# Panda cory /w finrot? and raised scales?



## nitroburn (Jan 4, 2011)

I noticed one of my 6 panda corys had what looked like popeye, was kind of bloated, and the rest were acting pretty tired. After trying to see what to do, I ended up treating the tank (55G) for 7 days with Maracyn Plus. Everything seemed great as the panda corys became much more active and went back to eating and searching through the gravel.
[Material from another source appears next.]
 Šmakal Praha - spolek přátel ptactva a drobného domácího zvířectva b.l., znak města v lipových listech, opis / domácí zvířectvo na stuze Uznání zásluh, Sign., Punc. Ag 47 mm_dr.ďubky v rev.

The one with popeye seemed to have recovered and was as active. Now 2 days after doing a large water change and adding back some carbon, I notice one has what looks like some scales that are raised and its top rear fin seems white (as do the raised scaled). This is a different panda then the one that was bloated.
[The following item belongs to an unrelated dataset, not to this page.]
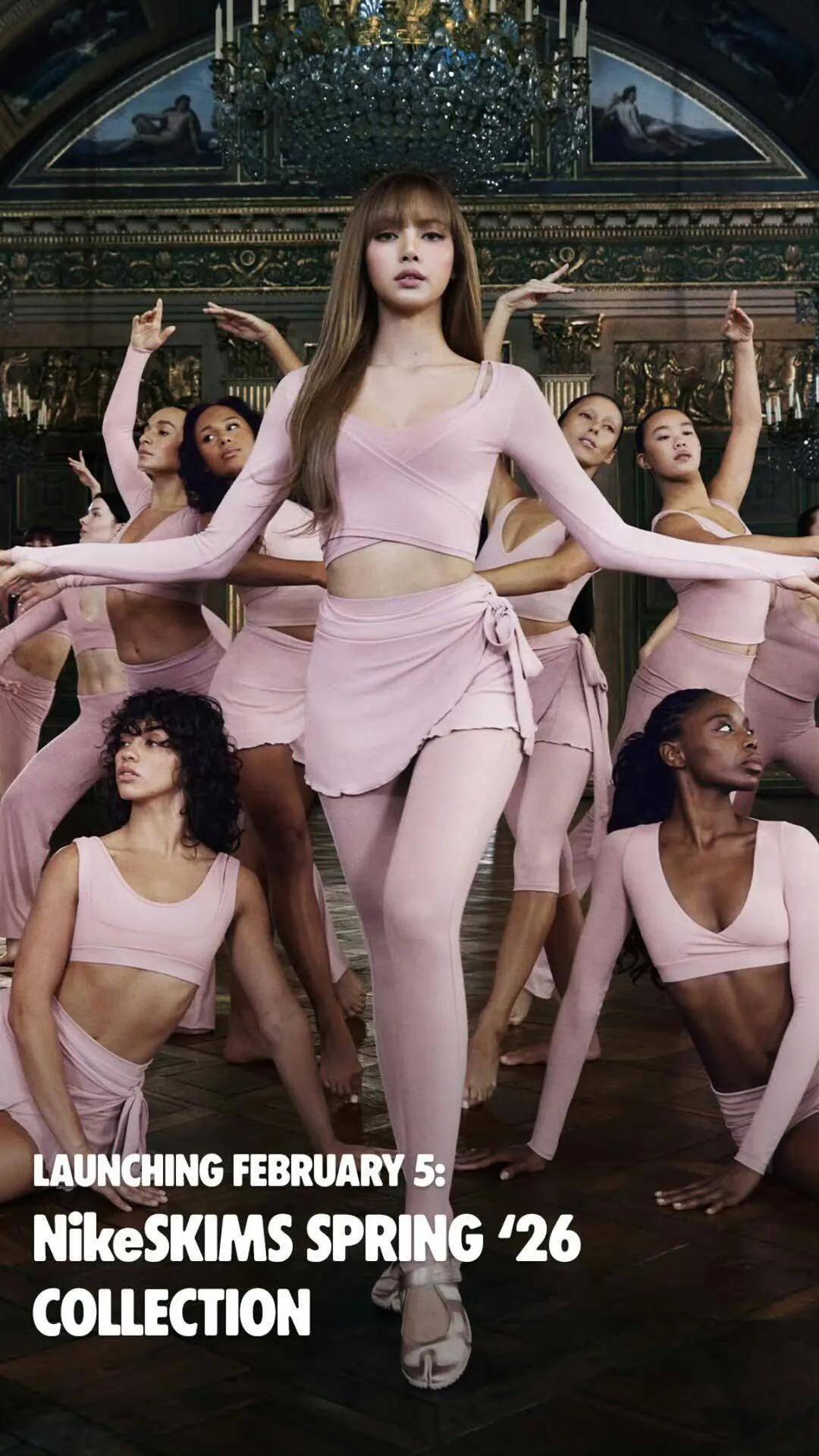 Lisa身穿Nike和Skims联名的芭蕾舞服,她自信的站在一群芭蕾舞演员中间,Lisa以Nike新代言人身份亮相。

Also! 2 panda corys died overnight with no visible symptoms BEFORE I treated the tank. Not sure if it was whatever was attacking them or their lack of eating. they also seem to have red gill areas. Not sure if that is another indicator as they are light/white coloured. 

I am unsure if I should remove the carbon and continue treating with Maracyn Plus, or if I should remove carbon and use some of the Maracyn 1 & 2 I have around the house, or go to an anti-fungal. 
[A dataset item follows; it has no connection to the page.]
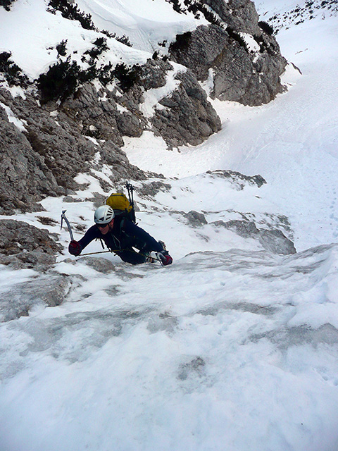 V 'Kr eni smeri' v S steni Begunjščice, še boljše ime bi bilo 'Za nosom'.

If I can get a photo, I will try and post it, but it seems to want to keep its bad side away from the front of the tank where I can see it better. 

Any ideas would be much appreciated.


----------



## Momobobo (Sep 28, 2010)

The popped scales sounds like dropsy, stress would cause less vibrant color, gill flukes for the red gills, and possibly be just a water issue?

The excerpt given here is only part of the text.